Band aid solutions will not fix the big three. Giving them the $25 Billion, oh, I meant $34 Billion, is like giving a gallon of vodka, and the keys to your Mercedes to a 19 year old. It is simply reckless, and irresponsible. The only way to save the big three is to let them fail. Chapter 11 bankruptcy will allow them to negotiate everything from operating leases, and executive compensation, to hourly wages, and legacy costs. However, the gangsters in pinstripes, and/or the incompetent ivy-leaguers are against bankruptcy because they know that their compensation packages and golden parachutes will be affected.
The leadership at these companies need to go. Bob Nardelli, whose only claim to fame, is that he was a prodigy of the great Jack Welch, displayed his talent for driving a company into the ground while raping its bank accounts and disrespecting its shareholders, while he was at Home Depot. He sucked at his job, and for that, he got $210 Million when he was sacked.

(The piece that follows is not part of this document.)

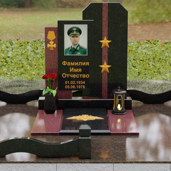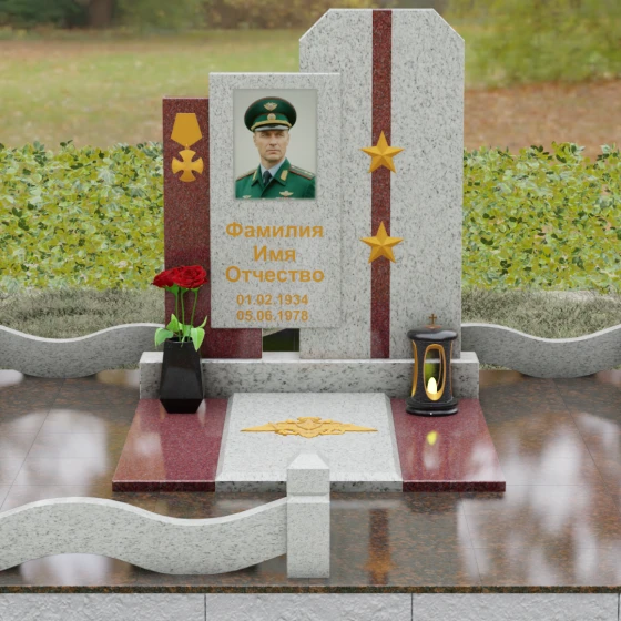 Выбор мемориального комплекса — это всегда поиск баланса между строгостью формы и глубиной чувств. Модель Артикул 201 представляет собой сложную архитектурную композицию, которая идеально подходит для увековечивания памяти сильного, волевого человека, посвятившего жизнь служению. Надгробие из натурального камня состоит из трех вертикальных элементов, создающих динамичный, ступенчатый силуэт. Центральная стела, предназначенная для размещения портрета и основной информации, обрамлена боковыми пилонами из контрастного красного гранита. Такая геометрия символизирует устойчивость, надежную опору и непоколебимость духа. Сочетание строгих прямых линий и аккуратных фасок на вершинах придает памятнику торжественный, парадный вид, подчеркивая заслуги и особый статус усопшего.
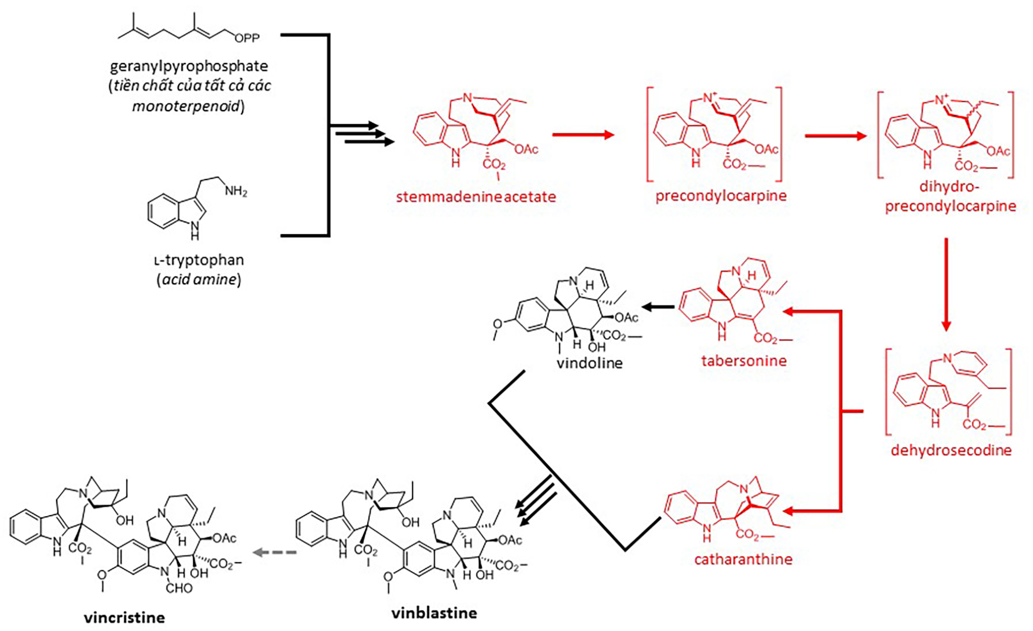 Tiền chất terpenoid ban đầu trải qua 31 phản ứng hóa học, trong đó có kết hợp với tryptophan (một loại acid amine), trong cây dừa cạn mới hình thành nên vinblastine (hình 2).

Yet the board at Chrysler found it prudent to hire him. That decision alone is cause to indict the entire board for either being gangsters in pinstripes and/or incompetent ivy-leaguers. Ford’s CEO got paid $28 Million for four months of work in 2006, while his company posted $12.7 Billion net loss in that year. GM’s Rick Wagoner’s 2007 compensation was $15.7 Million, while the book value per share of common stock was -$65, and the net loss for the year was $38 Billion.
As a result of congress’ request for a business plan, GM and Ford decided to implement the following cost savings plans:
1. Remove all batteries from wall clocks
2. Turn escalators off at night
It would be funny, if it weren’t so serious. ExxonMobil made almost $15 Billion last quarter, and even they turn their escalators off at night. Did congress have to ask management in Detroit to do that? Has the free enterprise system come to that? What I find incredibly difficult to grasp is the federal government’s love affair with failure, on one hand, and its passionate demonization of success on the other hand.
I am tired of the boy screaming wolf! I am tired of people telling me that the sky is falling. The financial services industry said that if they didn’t get $700 Billion to buy toxic assets, it would be the end of our economy as we knew it. To date, almost half of the allocated amount has been spent, but not a penny’s worth of toxic asset has been bought. Too big to fail? There is no such thing. If we care for American workers, investors, and the US auto industry at all, then we MUST let them fail. Giving them billions will be doing nothing but pouring money into a black hole, and postponing death. The responsible thing to do is to let them fail. They must die, and then, be rebuilt. Their business model is broken, and need to be fixed. Throwing money at this problem will NOT fix it.